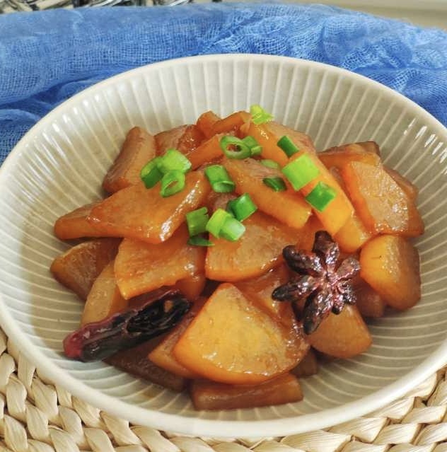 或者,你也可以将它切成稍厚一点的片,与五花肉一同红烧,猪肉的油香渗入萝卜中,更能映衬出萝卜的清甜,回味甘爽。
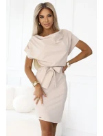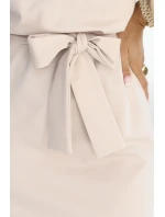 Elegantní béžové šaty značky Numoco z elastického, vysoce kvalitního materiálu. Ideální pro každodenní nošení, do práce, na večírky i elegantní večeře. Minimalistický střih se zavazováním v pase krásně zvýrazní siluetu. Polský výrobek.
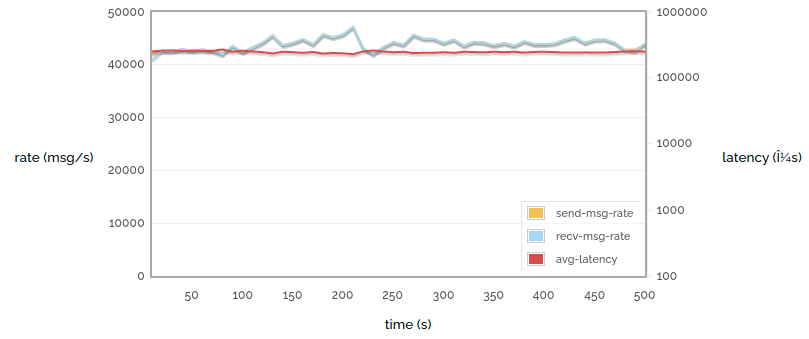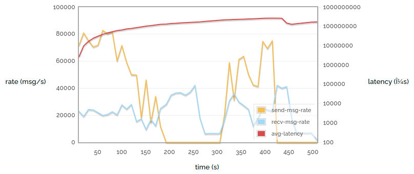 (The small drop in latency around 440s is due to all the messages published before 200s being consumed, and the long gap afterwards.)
---
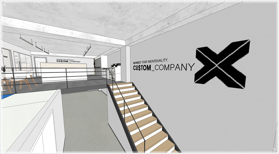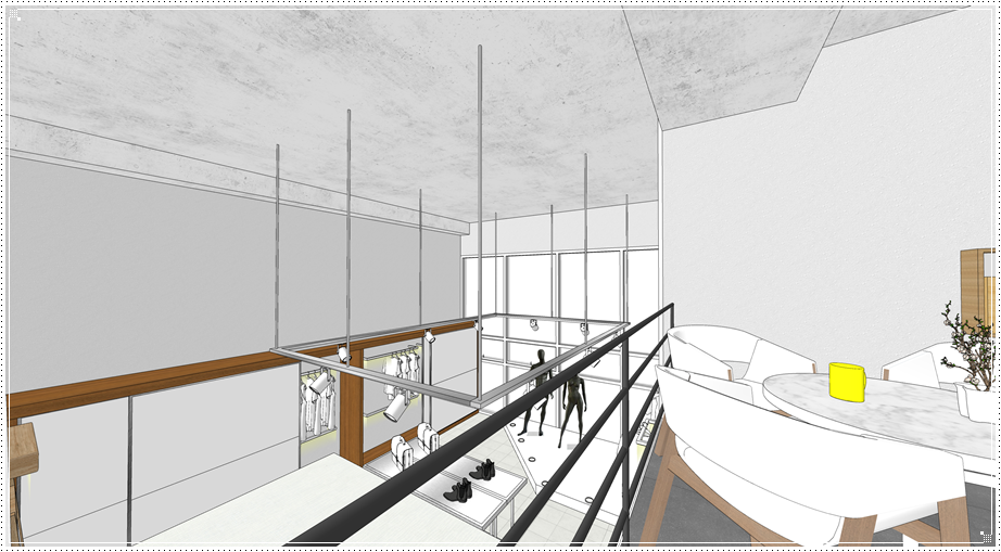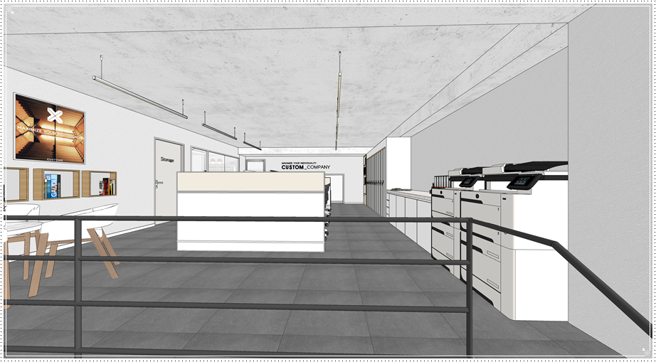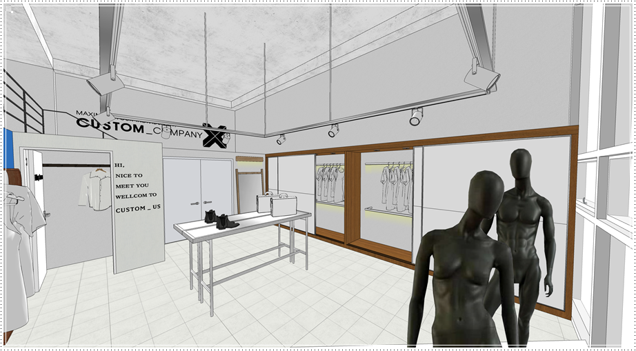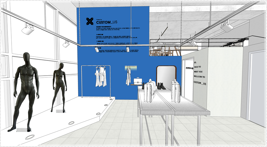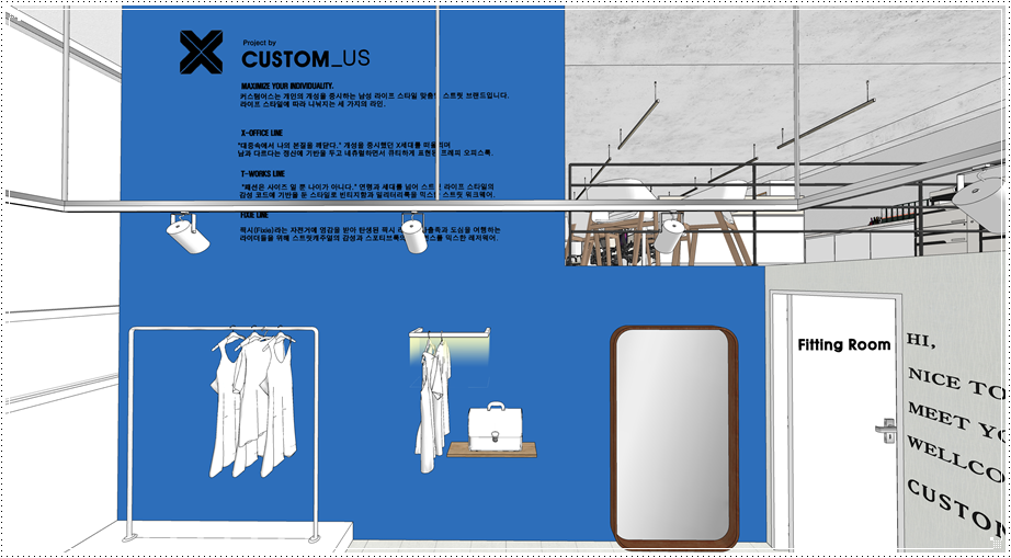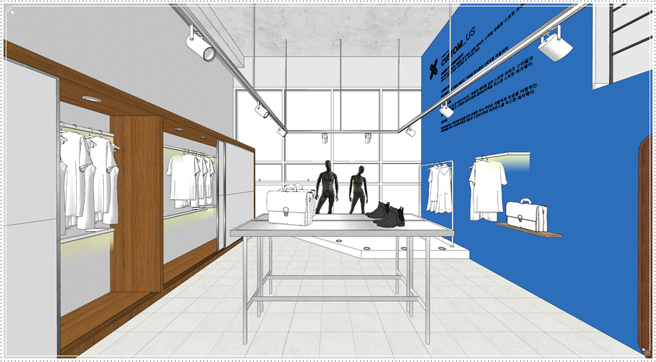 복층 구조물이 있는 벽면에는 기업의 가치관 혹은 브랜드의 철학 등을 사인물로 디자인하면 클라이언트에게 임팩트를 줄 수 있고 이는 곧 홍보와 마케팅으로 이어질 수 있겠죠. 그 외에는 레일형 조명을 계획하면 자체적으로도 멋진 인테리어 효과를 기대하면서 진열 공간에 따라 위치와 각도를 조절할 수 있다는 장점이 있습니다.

--- Exercise details ---
Only one stretch of the data is wanted: write out exactly the lines from the one holding "或者,你也可以将它切成稍厚一" through the one holding "(The small drop", both included, without the pictures.

--- Solved exercise ---
 或者,你也可以将它切成稍厚一点的片,与五花肉一同红烧,猪肉的油香渗入萝卜中,更能映衬出萝卜的清甜,回味甘爽。
 Elegantní béžové šaty značky Numoco z elastického, vysoce kvalitního materiálu. Ideální pro každodenní nošení, do práce, na večírky i elegantní večeře. Minimalistický střih se zavazováním v pase krásně zvýrazní siluetu. Polský výrobek.
 (The small drop in latency around 440s is due to all the messages published before 200s being consumed, and the long gap afterwards.)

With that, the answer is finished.